This is the summary of the results as I read it, please verify if I got it right and if I forgot something:

API case-insensitive categories without page ignores missing non-alphanumerics matches partial words matches in the middle of category name / missing words skips hidden skips renamed / moved
UW ✔️ ✔️
app1 ✔️ ✔️ ✔️
app2 ✔️ ✔️ ✔️
Legend: API shortnames (used for display formatting reasons)

@mnalis
Copy link
Contributor

mnalis commented Jun 3, 2024

@sivaraam can you give insight when is app1 (generator=search) being used, and when app2 (generator=allcategories)? Are their results simply merged when user searches for category of their picture, or something else?

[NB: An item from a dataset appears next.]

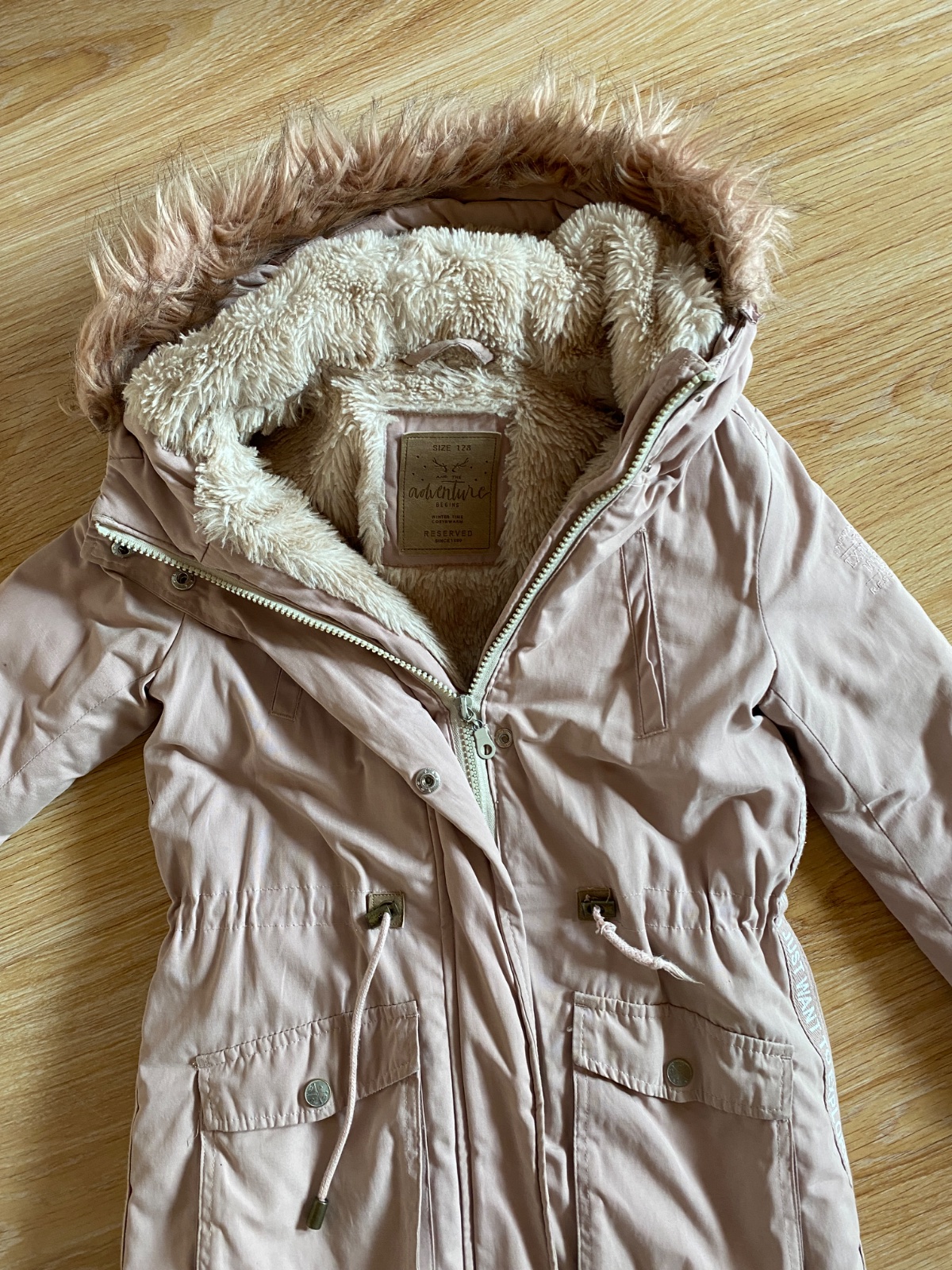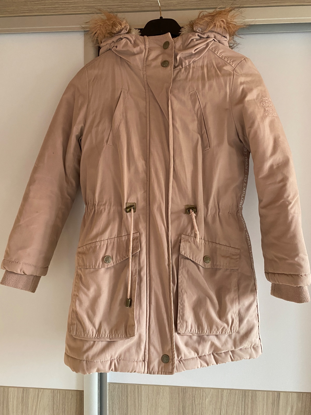 Predám nosenú bundu na zimu vo výbornom stave. Na bokoch je bunda zdobená nápismi ako vidno na foto. Na konci šnúrky chýba koncovka, no šnúrka sa dá vymeniť. Kožušina na kapucni sa dá odpojiť.

It would seem to me that each of the 3 APIs have their own distinct advantages.

The best results for the end user would be merging all three outputs (while removing duplicates), were it not for that skips hidden column. Obviously unions does not work well with exclusions... I might have some ideas, but would like your explanation about current usage of app1 vs. app2 above.

@sivaraam
Copy link
Member

sivaraam commented Jun 3, 2024

@sivaraam can you give insight when is app1 (generator=search) being used,

From my reading of the code, the app1 is used for category suggestions that show up in "Step 3" of the upload step. Specifically, that API is used for suggesting categories based on the caption entered by the user.

and when app2 (generator=allcategories)?

This is the one that we use when a user types in text to search for categories in "Step 3" of the upload step. That's why the search behaves case-sensitively and only returns when the exact prefix is searched for.

Are their results simply merged when user searches for category of their picture, or something else?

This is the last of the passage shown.